__Instructions for the task__:
Pictures in the listing below are skipped, while the lines from the "どうしよっかなー。枕元で何かを悩む猫さん、このあとの行動にキュン♪" line through the "Rapora göre temiz" line are returned word for word.

__Dataset content__:
________________________

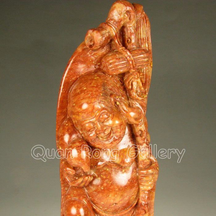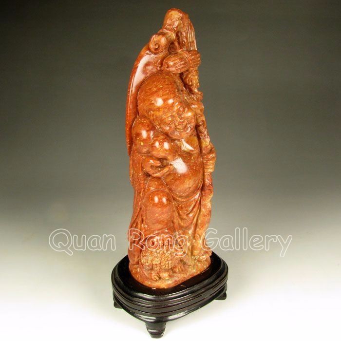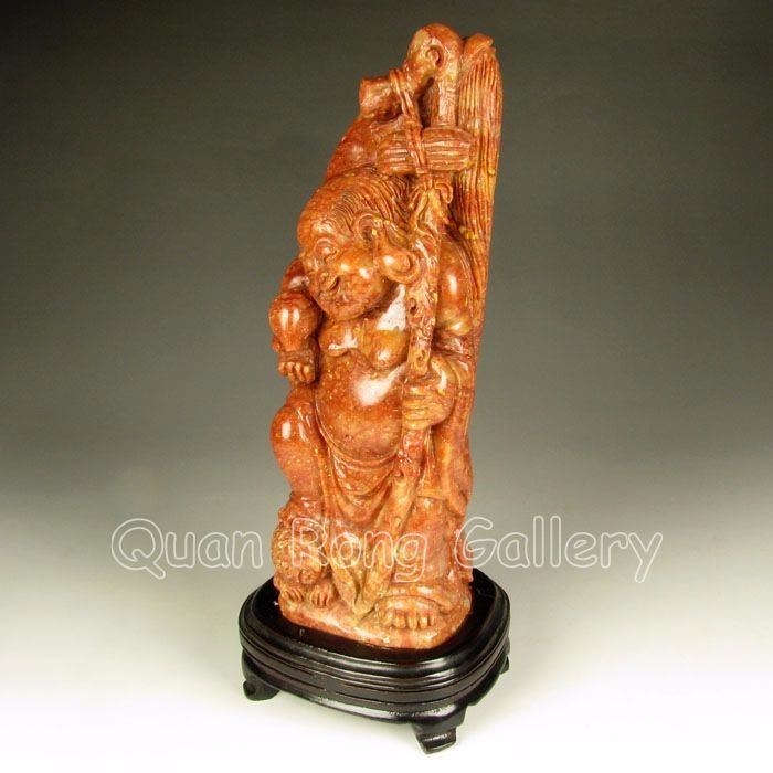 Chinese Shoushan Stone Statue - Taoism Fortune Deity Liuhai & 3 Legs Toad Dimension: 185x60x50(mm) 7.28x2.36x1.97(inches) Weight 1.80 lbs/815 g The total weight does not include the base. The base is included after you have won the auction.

________________________

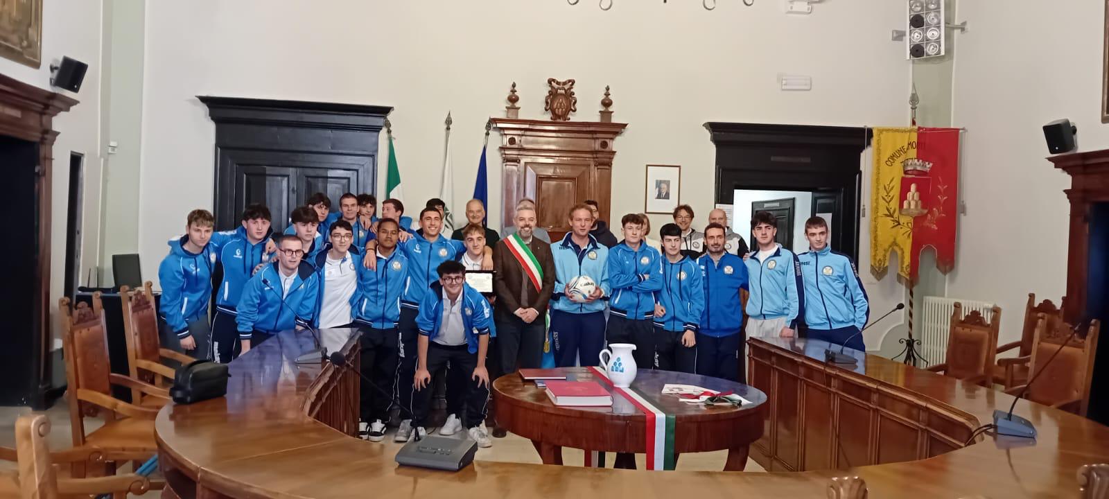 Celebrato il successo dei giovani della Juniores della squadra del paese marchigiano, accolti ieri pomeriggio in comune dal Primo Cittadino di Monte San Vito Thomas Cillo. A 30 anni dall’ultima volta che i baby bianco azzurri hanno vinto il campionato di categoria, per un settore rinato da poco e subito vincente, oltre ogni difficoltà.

________________________

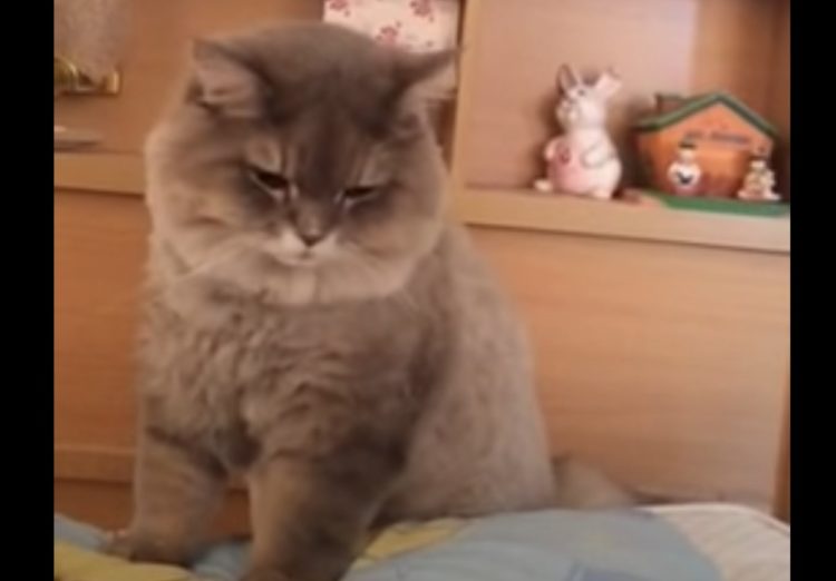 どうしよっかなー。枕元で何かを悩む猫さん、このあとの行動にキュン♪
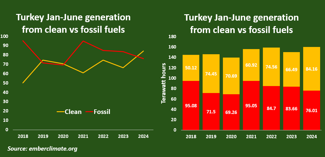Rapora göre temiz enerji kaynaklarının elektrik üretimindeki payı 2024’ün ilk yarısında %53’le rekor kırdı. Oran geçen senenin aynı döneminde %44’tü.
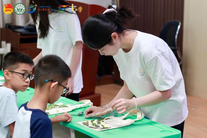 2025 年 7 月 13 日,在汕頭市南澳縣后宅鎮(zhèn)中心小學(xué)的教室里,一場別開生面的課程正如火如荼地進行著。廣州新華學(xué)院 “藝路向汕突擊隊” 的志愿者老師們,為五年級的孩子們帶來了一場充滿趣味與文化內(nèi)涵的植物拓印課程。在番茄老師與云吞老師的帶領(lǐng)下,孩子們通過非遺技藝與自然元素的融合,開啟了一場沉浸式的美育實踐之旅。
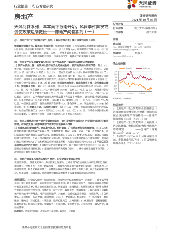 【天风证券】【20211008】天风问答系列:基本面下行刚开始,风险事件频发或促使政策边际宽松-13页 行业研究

________________________

__Answer section__:
 どうしよっかなー。枕元で何かを悩む猫さん、このあとの行動にキュン♪
Rapora göre temiz enerji kaynaklarının elektrik üretimindeki payı 2024’ün ilk yarısında %53’le rekor kırdı. Oran geçen senenin aynı döneminde %44’tü.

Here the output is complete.